Goal of the exercise: Among the entries below, copy only the span from the line containing "Αφ’ εσπέρας τελέσθηκε" through the line containing "1 - On déclare". Do so exactly, and skip the pictures.

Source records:
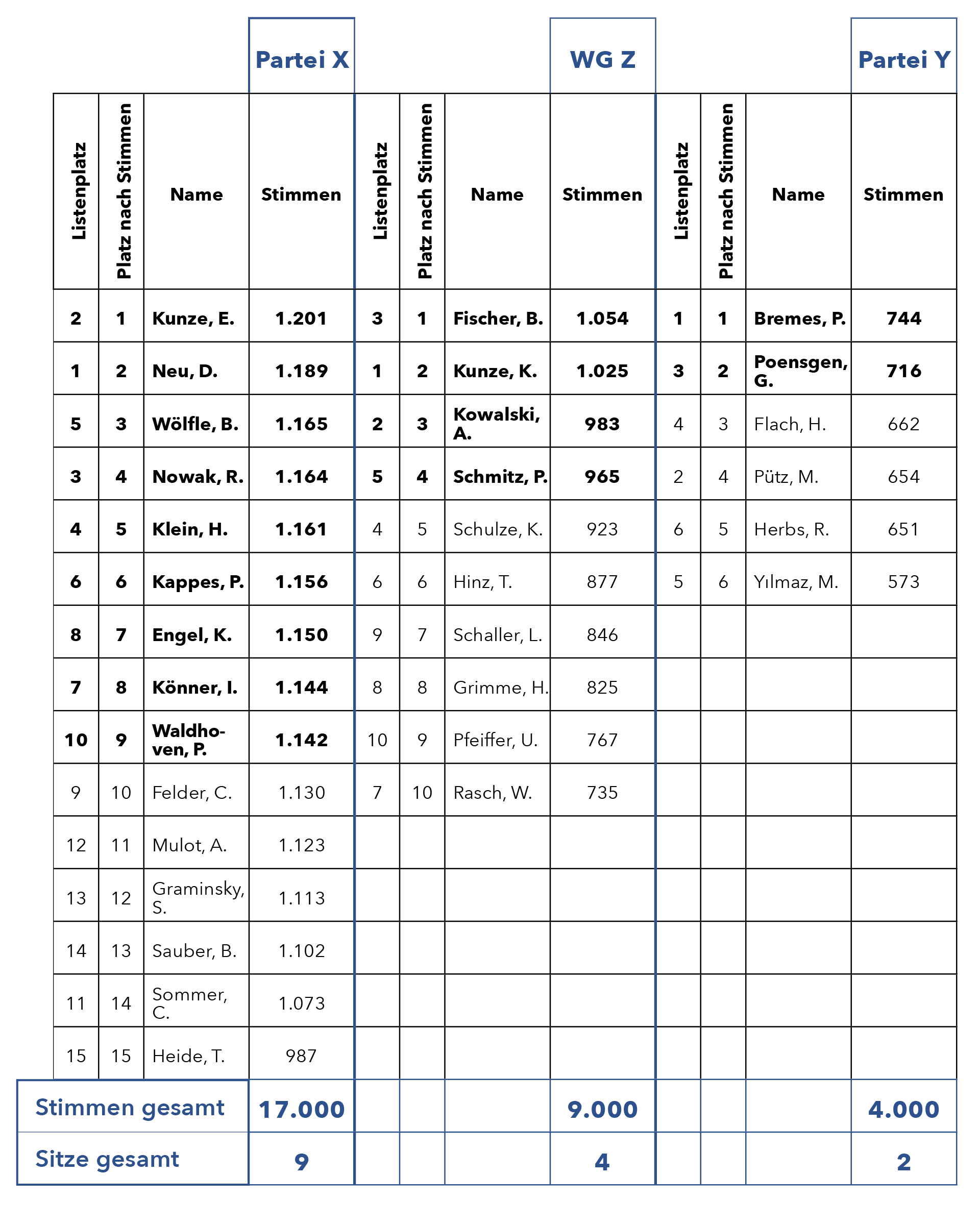 Welche Kandidierenden ein Mandat bekommen, bestimmt sich nun durch deren persönliches Stimmergebnis. Die Personen einer Liste werden nach ihren Stimmenergebnissen in eine absteigende Reihenfolge gebracht. Wer die meisten Stimmen gewonnen hat, ist auf Platz 1 der Liste, danach kommt die Person mit dem zweitbesten Ergebnis usw. Ein Mandat erhalten so viele Kandidierende, wie ihrer Partei oder Wählergruppe insgesamt Sitze zustehen. Beispiel: Hat eine Partei zwei Sitze gewonnen, bekommen die Personen mit den erst- und zweitbesten Ergebnissen ein Mandat.
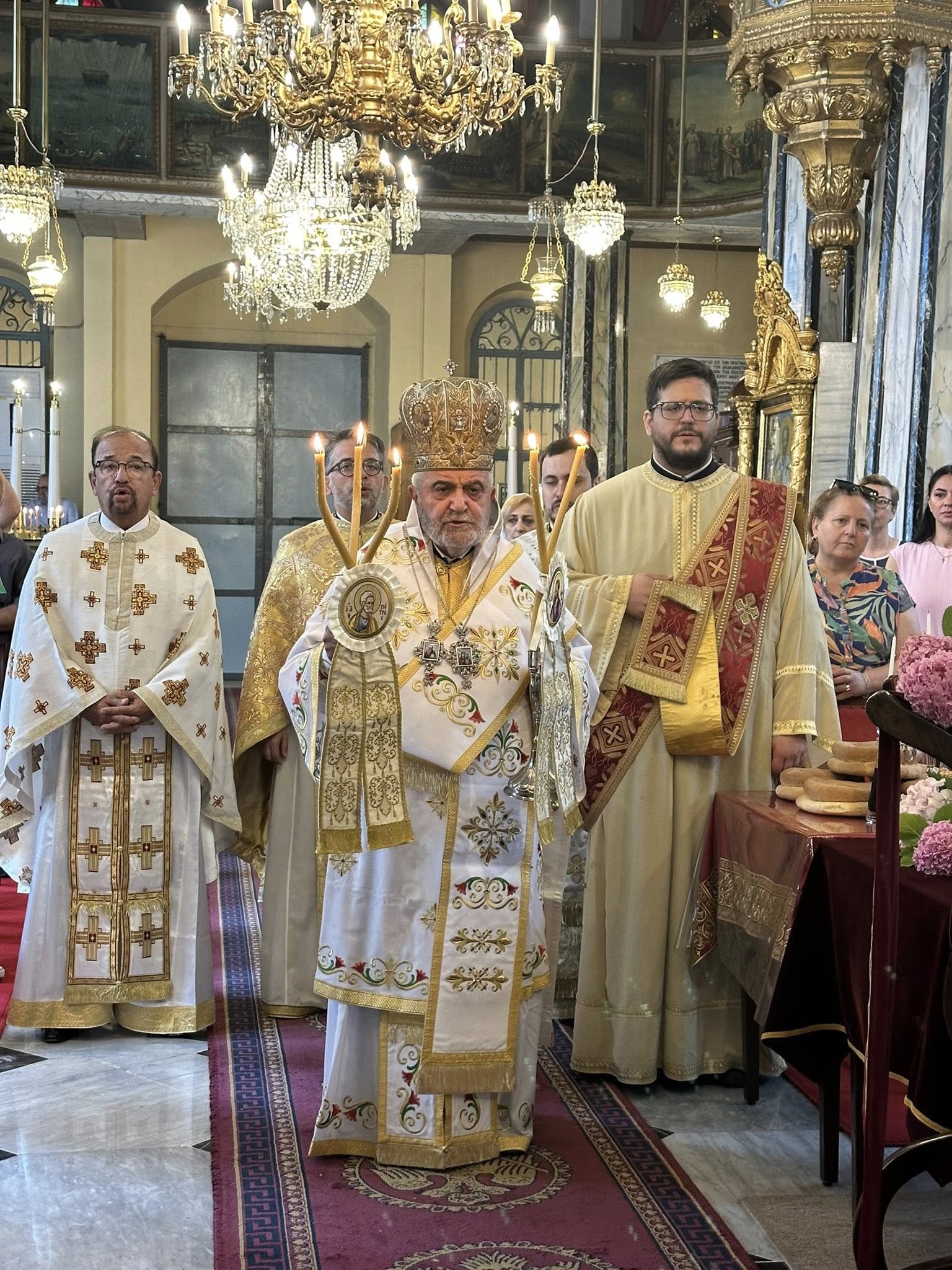 Αφ’ εσπέρας τελέσθηκε ο Μέγας Πανηγυρικός Εσπερινός και ο Όρθρος της Εορτής και το πρωί η Αρχιερατική Θεία Λειτουργία μετ’ αρτοκλασίας, ιερουργούντος του Σεβ. Ποιμενάρχου κ. Αποστόλου.
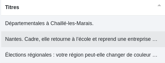 1 - On déclare les éléments à envoyer dans le champ colonne (ici "Titres"). Chaque case cochée donnera naissance à une nouvelle colonne (parfois en anglais).
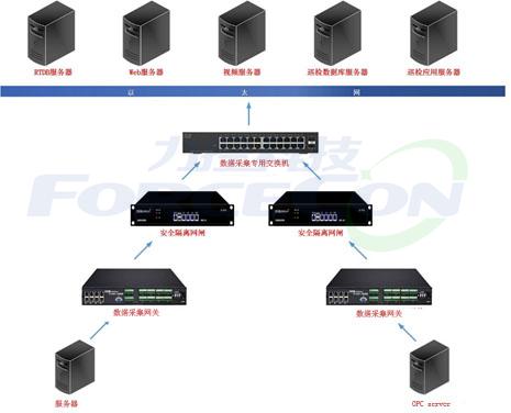 內操巡檢系統采用PFC-HK6510數據采集網關通過DCS系統的OPC接口采集重點路線上巡檢數據。經過安全隔離網閘隔離后以CommServer 協議將數據上傳到pSpace數據庫。利用CommServer協議的斷線緩存功能和pSpace 實時數據庫的數據回補功能,保證數據的完整性和準確性。通過.net接口將內操巡檢系統的實時報警信息推送到智能巡檢平臺。Web服務器上安裝了FsmartWorx軟件,通過FsmartWorx自帶的圖形編輯功能,將內操巡檢監控點位以圖形和表格等多種方式展現。FsmartWorx 工程界面運行后,能根據每個頁面的URL地址單獨訪問特定的頁面。在巡檢平臺設置相應的標簽,嵌入相應巡檢裝置頁面的URL地址,實現了內操巡檢與智能巡檢平臺的無縫融合。
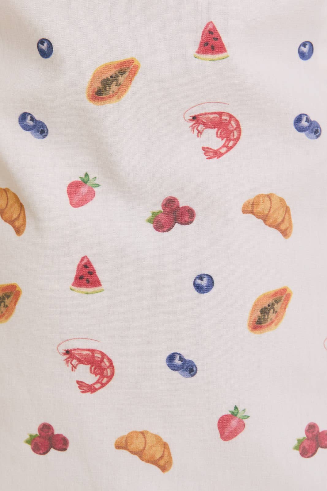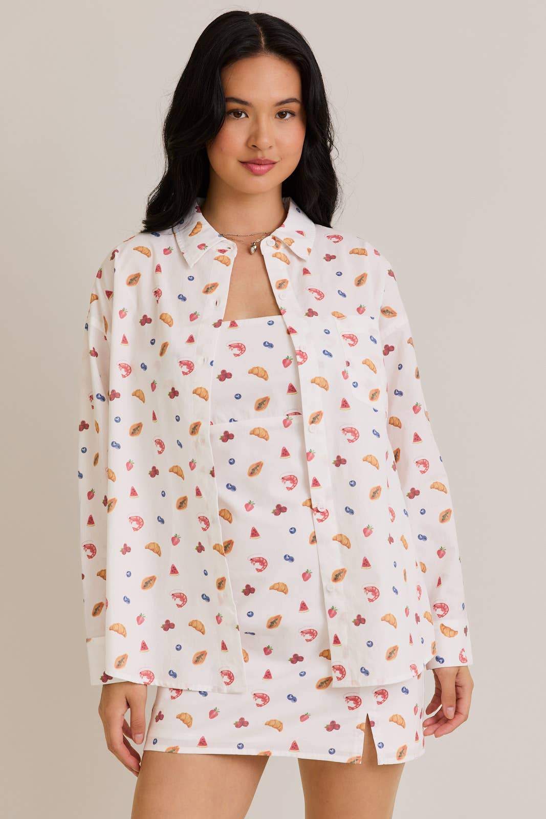 Stay on-trend with our Strapless Smocked Back Graphic Mini Dress. This dress, part of a matching set, features a fun food mix graphic and a flattering smocked back. Designed to hug your curves, this dress will make you stand out at any event. Model is wearing a size small.

Response area:
 Αφ’ εσπέρας τελέσθηκε ο Μέγας Πανηγυρικός Εσπερινός και ο Όρθρος της Εορτής και το πρωί η Αρχιερατική Θεία Λειτουργία μετ’ αρτοκλασίας, ιερουργούντος του Σεβ. Ποιμενάρχου κ. Αποστόλου.
 1 - On déclare les éléments à envoyer dans le champ colonne (ici "Titres"). Chaque case cochée donnera naissance à une nouvelle colonne (parfois en anglais).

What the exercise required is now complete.